4、如果anchor box与ground turth box之间的iou<0.3,标记为负样本,label=0
5、剩余的既不是正样本也不是负样本,不用参与最终的训练,label=-1
除了对anchor box标记外,还要计算anchor box与ground truth box之间的偏移量,并设置对应的权重
令:ground truth:标定的框也对应一个中心点位置坐标x*,y*和宽高w*,h*
anchor box: 中心点位置坐标x_a,y_a和宽高w_a,h_a
所以,偏移量:
△x=(x*-x_a)/w_a △y=(y*-y_a)/h_a
△w=log(w*/w_a) △h=log(h*/h_a)
通过ground truth box与anchor box之间的偏移量来进行学习,从而是RPN网络中的权重能够学习预测bbox的能力。
对应原码如下:
def anchor_target_layer(rpn_cls_score, gt_boxes, im_info, _feat_stride,
all_anchors, num_anchors):
# rpn_cls_score:[1, 29, 63, 18],gt_boxes:[x1,y1,x2,y2,cls],im_info:[H, W, scale]
# _feat_stride:[16], all_anchors:[1×29×63×9,4], num_anchors:9
"""Same as the anchor target layer in original Fast/er RCNN """
A = num_anchors # 特征图上的每个像素点对应9个anchor,num_anchors:9
total_anchors = all_anchors.shape[0] # 29*63*9
K = total_anchors / num_anchors # 29*63
# allow boxes to sit over the edge by a small amount
_allowed_border = 0
# map of shape (..., H, W)
height, width = rpn_cls_score.shape[1:3]
# 高、宽分别是29, 63
# only keep anchors inside the image
# 只保留图像内部的anchors,即返回四个坐标均在图像范围内的anchor对应的索引
inds_inside = np.where(
(all_anchors[:, 0] >= -_allowed_border) &
(all_anchors[:, 1] >= -_allowed_border) &
(all_anchors[:, 2] < im_info[1] + _allowed_border) & # width
(all_anchors[:, 3] < im_info[0] + _allowed_border) # height
)[0]
# keep only inside anchors
# 根据inds_inside返回的索引值,选择出在图像内部的anchor
anchors = all_anchors[inds_inside, :]
# label: 1 is positive, 0 is negative, -1 is dont care
labels = np.empty((len(inds_inside), ), dtype=np.float32)
labels.fill(-1)
# overlaps between the anchors and the gt boxes
# overlaps (ex, gt)
# bbox_overlaps(anchors, gt_boxes) 计算每个anchor和ground truth之间的IOU值
# anchors(N, 4) gt_boxes(K, 4) 返回值(N, K)
overlaps = bbox_overlaps(
np.ascontiguousarray(anchors, dtype=np.float), # 将内存不连续存储的数组转化为内存连续存储的数组,使得运行速度更快
np.ascontiguousarray(gt_boxes, dtype=np.float))

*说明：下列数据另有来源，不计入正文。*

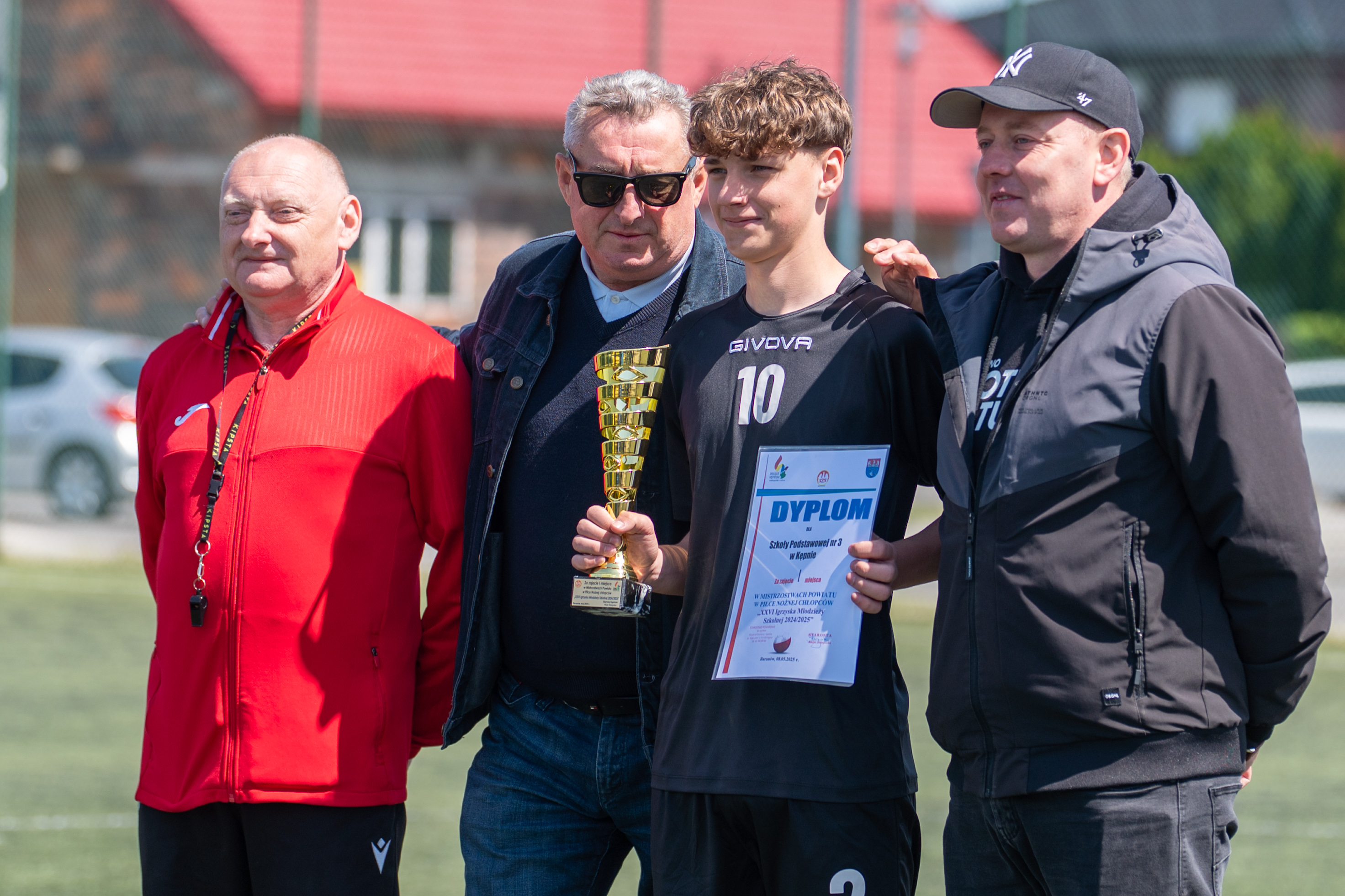 Losowanie sprawiło, że nasze drużyny trafiły do różnych grup. Podobno szczęście sprzyja lepszym, ale podobnież gospodarzom pomagają ściany. I cóż mają w takim mają powiedzieć piłkarze z Mroczenia? Zespół Jerzego Mosia w eliminacjach ani razu nie przegrał a i tak wypadł z rywalizacji o najcenniejsze trofea. Na pocieszenie wygrał w meczu o 5. miejsce z Opatowem. Szczęście nie uśmiechnęło się też do drużyny z Donaborowa. W pierwszej potyczce eliminacyjnej drużyna Urszuli Kurek co prawda była bliska odprawienia z kwitkiem późniejszych mistrzów z kępińskiej 3. Ostatecznie jednak Donaborów uległ Kępnu 2:3. W półfinale nie sprostał kolejnej ekipie kępińskiej. Z podium zepchnął go Trębaczów, wygrywając 1:0.w meczu o 3. miejsce. W wielkim finale SP 3 Kępno wygrała z SP 1. Najlepszym zawodnikiem turnieju został Jakub Marciniak z SP 1 Kępno, Najlepszym strzelcem – Mikołaj Stach z „3”, a Najlepszym Bramkarzem - Adam Lenort z „3”. (ems)

# 求每个anchor最大的overlaps的索引(N,)
argmax_overlaps = overlaps.argmax(axis=1)
# 求每个anchor对应最大overlap的值,(N,)
max_overlaps = overlaps[np.arange(len(inds_inside)), argmax_overlaps]

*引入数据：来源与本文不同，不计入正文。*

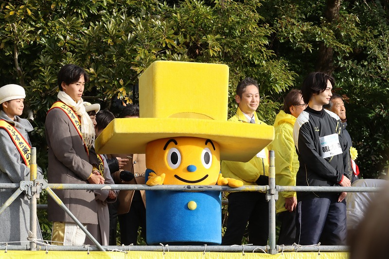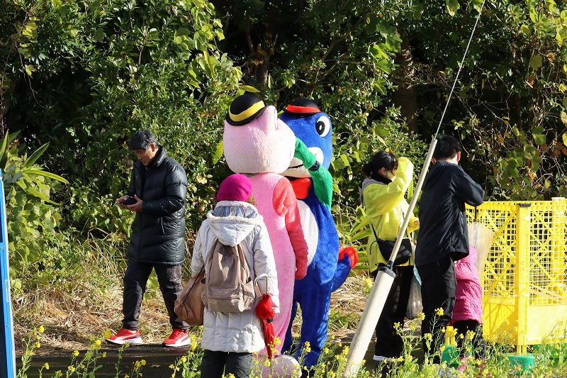 指宿市にあります、九州最大のカルデラ湖、池田湖のマスコットキャラクターいっくんとシーちゃんも応援に駆けつけていました。

# 求与目标框IOU值最大的anchor的索引(K)
gt_argmax_overlaps = overlaps.argmax(axis=0)
# 求与每个目标框IOU最大的anchor 1*K
gt_max_overlaps = overlaps[gt_argmax_overlaps,
np.arange(overlaps.shape[1])]
# 求K个目标框对应最大IOU的anchor的索引,1*K, 即目标框与哪个anchor的IOU最大
gt_argmax_overlaps = np.where(overlaps == gt_max_overlaps)[0]

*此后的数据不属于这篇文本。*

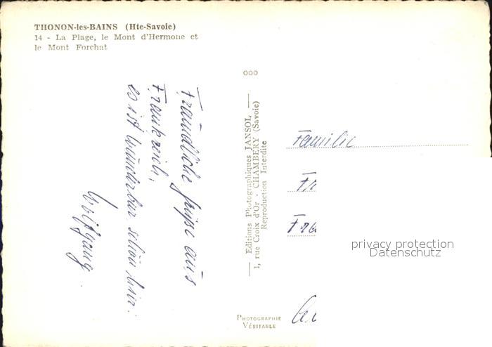 12509828 Thonon-les-Bains Hafen Mont Hermone Forchet postalisch nicht gelaufen Erhaltung siehe scans KatCode: 11170074474281

# cfg.TRAIN.RPN_CLOBBER_POSITIVES:一个anchor既满足负样本又满足正样本,设置为负样本
if not cfg.TRAIN.RPN_CLOBBER_POSITIVES: # false
# assign bg labels first so that positive labels can clobber them
# first set the negatives
# rpn_clobber_positives为0.3,最大IOU小于0.3的设为0
labels[max_overlaps < cfg.TRAIN.RPN_NEGATIVE_OVERLAP] = 0 # 0.3
# fg label: for each gt, anchor with highest overlap
# 与每个目标框IOU值最大的anchor,label设为1
labels[gt_argmax_overlaps] = 1
# fg label: above threshold IOU
# 每个anchor与目标框IOU值大于0.7,label设为1
labels[max_overlaps >= cfg.TRAIN.RPN_POSITIVE_OVERLAP] = 1 # 0.7
if cfg.TRAIN.RPN_CLOBBER_POSITIVES:
# assign bg labels last so that negative labels can clobber positives
labels[max_overlaps < cfg.TRAIN.RPN_NEGATIVE_OVERLAP] = 0
# subsample positive labels if we have too many
# 如果正样本太多,降采样,label设为-1,不参与训练
num_fg = int(cfg.TRAIN.RPN_FG_FRACTION * cfg.TRAIN.RPN_BATCHSIZE) # 正样本max=0.5。 总样本bs=256
fg_inds = np.where(labels == 1)[0]
if len(fg_inds) > num_fg:
disable_inds = npr.choice(
fg_inds, size=(len(fg_inds) - num_fg), replace=False)
labels[disable_inds] = -1
# subsample negative labels if we have too many
# 如果负样本设置太多,进行降采样,label设为-1,不参与训练
num_bg = cfg.TRAIN.RPN_BATCHSIZE - np.sum(labels == 1)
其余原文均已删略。